Через минуту его сосед повернул голову. Он как-то вздрогнул и поднял на Федю свои глаза, и засмеялся.

– Так это вы?

Федя тяжело дышал. Он протянул ему руку. Тот взял ее и крепко пожал. Его ощипанная роза упала на песок, но он этого не заметил.

– Да… а я, я ведь думал, что вы девушка!

– Неужели? Так мое письмо было такое нежное?

Сидя на скамейке и глядя друг на друга, они короткими вопросами и восклицаниями изучали друг друга.

Они отыскивали себя один в другом и не находили. Каждый находил в другом новое, и это новое делал своим.

– Так вас зовут Глебом? Значит, вы русский.

– Да, я очень люблю свое имя. А вы немец?

– Да, я немец, и не люблю своего имени и не люблю своей национальности.

Все движения Глеба были быстры и изящны. У него были слишком длинные руки, и внешне его можно было назвать неуклюжим. Федя никак не мог определить, в чем его грация. Но у него была грация, чего – Федя это знал – совершенно не было у него самого.

– Знаете что? Пройдемтесь, а потом пойдем прямо ко мне.

– Да, пройдемтесь.

– Вы любите Петербург?

Федя не любил Петербурга. Он жил на Песках[85]. Серое небо, фабричный дым, хмурые богачи и грязные бедняки – разве можно любить этот ад? Но когда Глеб спросил его, он увидел сад, облитый тончайшим воздухом, и ряды статуй на фоне почти черных стволов, которые жили той особой жизнью, какой могут жить только статуи в сумерках. Вдали уже виднелась бронзовая решетка с гранитными столбами и урнами с кольцами. Глеб, счастливый Глеб, все видел красивым, а он, Федя, все видел мутным, скучным, серым.

– Люблю ли я Петербург? Да. Теперь люблю. Но знаете, что я сейчас вспомнил: «Alles Lebendige bildet eine Atmosphäre um sich her»[86]. Я уже втянут в атмосферу, которой вы дышите.

– Когда мы придем, прочтем «Медного всадника».

– Да, прочтем.

Они вышли из сада на набережную Невы. У входа стояли торговцы в белых фартуках с лотками, продавали фрукты.

– Купим винограда?

Федю передернуло. Покупать фрукты на улице он считал предосудительным.

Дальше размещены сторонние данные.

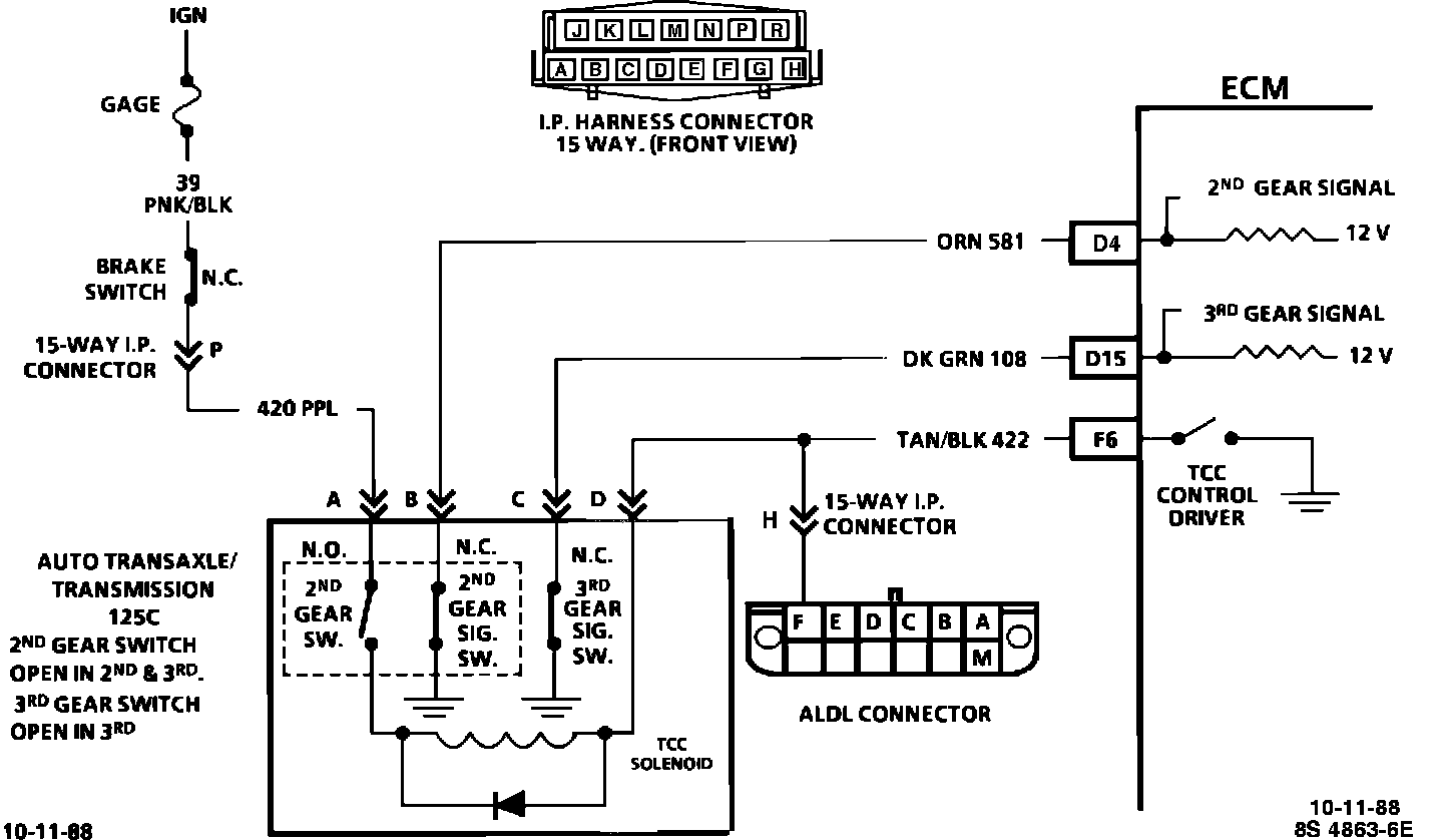 The 2nd gear signal switch in this vehicle should be open in 2nd and 3rd gear. The ECM uses this 2nd gear signal to disengage the TCC when downshifting. The 3rd gear switch should be open in 3rd gear. 1st Gear = 2nd gear switch open 2nd gear signal switch closed 3rd gear signal switch closed

Кроме того, он никогда не тратил денег на сласти. Отец давал ему очень мало денег, и Федя с упорством копил на книги. Но власть дружбы уже была так велика, что Федя вдруг ощутил всю унизительность накопления денег.

– Купим.

Они купили золотистого длинноватого винограда и пошли вдоль набережной. Они подымали кисти над ртом, запрокидывали голову и откусывали золотистые ягоды, смеясь на прохожих и глядя на Неву.

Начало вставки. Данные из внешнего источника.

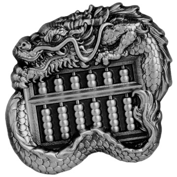 Chad Símbolos de la Fortuna: Dragón Chino Ábaco 1 oz Plata 2023 Alto Relieve Antiqued Coin
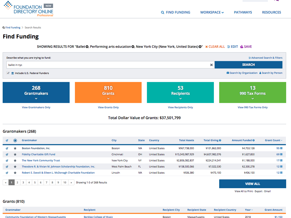 The Foundation Directory Online includes a searchable database of more than 2.4 million recently awarded grants plus a database of recently filed IRS 990 forms. Grantmakers and grants are searchable by name, geographic region, fields of interest, recipient type, support type, grant amount, and names of trustees and officers. It is a valuable resource for nonprofits’ fundraising needs, using interactive maps and charts, RFPs, and key funder and grants insights.

Родители Глеба жили в Лесном[87], в небольшом особняке с садиком. Глеб открыл калитку, и они пошли по дорожке, усыпанной песком. В саду доцветали последние цветы.

В просторной столовой на столе стоял самовар, и за столом сидела мать Глеба. Глеб подошел к матери и поцеловал ее в кисть руки.

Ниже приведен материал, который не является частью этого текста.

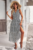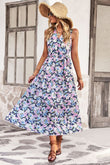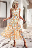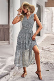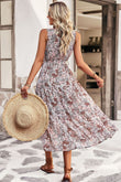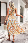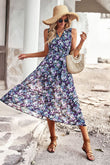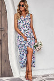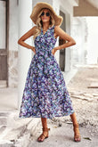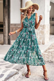 Floral Belted Surplice Sleeveless Tiered Dress

– Здравствуй, мамочка! Вот я его привел к нам.

Федя неловко шаркнул ногой и поздоровался.

– Покажитесь-ка, какой вы? Прелестный юноша. Только отчего у вас такие грустные глаза?

Федя готов был провалиться сквозь землю. Как? Значит, о нем уже говорили? Может быть, читали его письмо? Как Глеб мог…

– Вот видишь! А кто-то думал, что придет очаровательная девушка!

– Ну, что ж, он тоже думал, что придет девушка!

Федя уже жалел, что пришел. Ему казалось, что топчут ногами что-то, что он доверил только одному Глебу. Он молчал, будто воды в рот набрал. Между тем он зорко присматривался ко всему, что видел.

– Ну, что же, наговорились? Где же твоя роза?

Глеб испуганно стал оглядываться.

 

– По обыкновению, потерял? Вы знаете, он все теряет! Вы тоже все теряете?

– Мамочка!

– Ну, ничего, ничего. Я ведь не рассказываю, как ты в Англии оставил в вагоне два совершенно новых костюма? Вот, возьмите чаю.

Федя взглянул на Анну Михайловну. Он увидел черные глаза, очень похожие на глаза Глеба, блестящие, которые немножко насмешливо смотрели в самую глубь его глаз. Ей было не более сорока-сорока двух лет. Протягивая ограненный стакан, она приподнимала кружевной край рукава своего тяжелого пеньюара, который все время распахивался. Ее гордая, властная осанка, молнии глаз, ее черные волосы с легкой проседью, – все это заставляло Федю краснеть, молчать и совершать самые неловкие движения.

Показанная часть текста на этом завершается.